Kandinsky, Gestalt e a Arteterapia (Parte II)

Por Maria Cristina Resende


Psicologia da Gestalt também é conhecida como Psicologia das Formas, mas não podemos nos confundir ao acreditar que é uma psicologia que preza os formatos, formas é diferente de formatos. Entendemos como formatos os moldes, uma forma que adquiriu um significado e por formas entendemos como a possibilidade de ser qualquer coisa, ou seja, um significante. É assim que Kandinsky expressa sua arte, a partir de formas, de significantes e a Gestalt nos explica como existe uma tendência em traduzirmos essas formas em formatos, ou seja, como nós, seres humanos, tendemos, inata e pelo aprendizado, a organizar essas formas para que elas nos transmitam uma mensagem de melhor conforto para nossa mente consciente, pois é aqui que a Gestalt se se debruça.
Para a Psicologia da Gestalt e, posteriormente, a Gestalt-terapia, a consciência é tudo que temos para analisar, pois é nela onde os fenômenos se apresentam. Não há a preocupação em buscar uma causa ou uma instancia inconsciente que governe nossas ações. Sua abordagem é fenomenológica, e uma de suas fontes filosóficas é o existencialismo.
Nos estudos da Psicologia da Gestalt nos deparamos com alguns conceitos e algumas leis da percepção, ou seja, o modus operandi de como nossa percepção, a capacidade de receber a sensação e decodifica-la, se organiza para compreender um fenômeno, um estímulo.

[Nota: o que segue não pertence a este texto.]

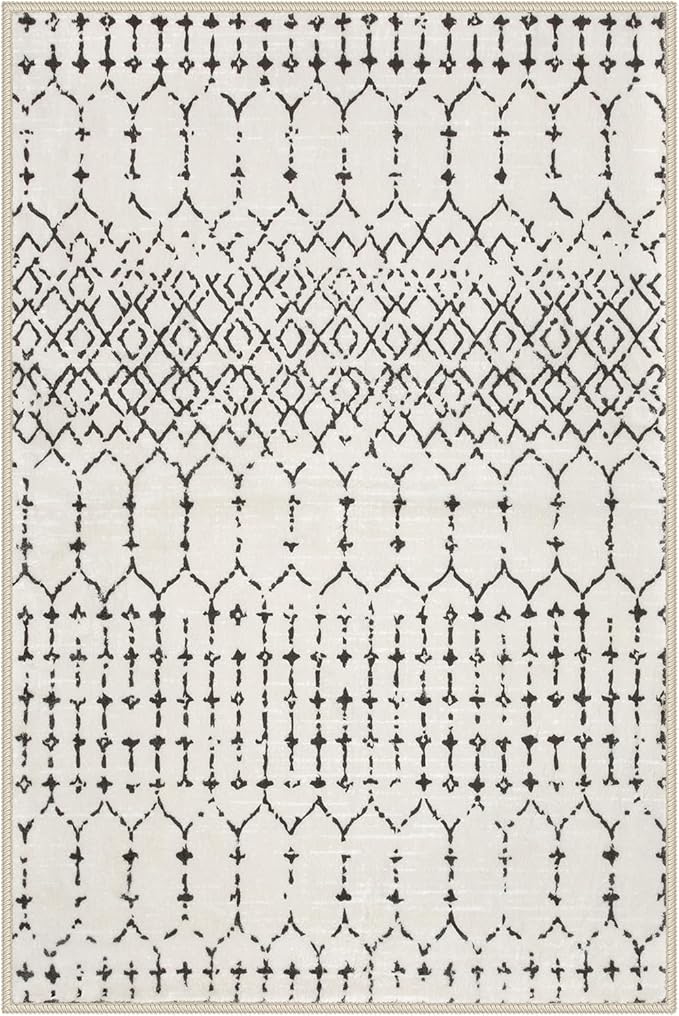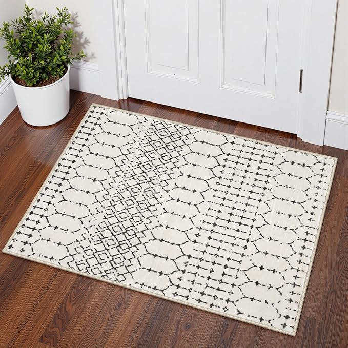 Lahome Moroccan Front Door Rugs Indoor 2x3 Non-Slip Washable Door Mats Indoor Rubber Backing Untra-Thin Beige Small Kitchen Rug, Geometric Print Inside Door Mats for Home Entrance Bathroom Sink

Dentre esses conceitos temos o de figura-fundo, ou seja, a figura como aquilo que está no topo na nossa cadeia de hierarquias e o fundo como todo o contexto por trás dela. 


O que você vê nesta imagem? Apenas uma figura?

Mas como essa teoria pode nos ajudar em nossa prática enquanto Arteterapeuta?
Trabalhamos basicamente com as imagens produzidas pelo nosso cliente, independente do material escolhido ou sugerido. As imagens são a expressão de sua percepção sobre seus afetos, suas relações, seus pensamentos e suas angústias. Muitas vezes as hierarquias não estão bem estabelecidas e vemos numa mancha de tinta, ou numa colagem um completo caos, uma desorganização que muitas vezes traz uma inércia, um não saber de onde partir e para onde ir. Identificar através de algumas técnicas a figura que emerge dessa Gestalt (forma) é ajudar a buscar um fluxo de abertura e fechamento de Gestalten, ou seja, uma capacidade de sentir a necessidade, ir a busca de sua saciedade, analisar e despotencializar as interrupções desse movimento e com isso partir para novas etapas do processo terapêutico e, mais além, o processo da nossa vida.
Vemos também o princípio de agrupamento, onde nossa percepção tende a agrupar estímulos que possuam alguma semelhança entre si. Há também o fechamento, ou seja, tendemos a completar, preencher falhas de estímulos que se apresentem a nós. Nossa percepção tende a nos colocar num entendimento sobre a vida de forma mais simples e mais confortável para nós, isso nos mostra que para conseguirmos enxergar de forma clara aquilo que se apresenta é preciso um esforço de olhar para além dos formatos e perceber as formas e as múltiplas possibilidades que existem ali.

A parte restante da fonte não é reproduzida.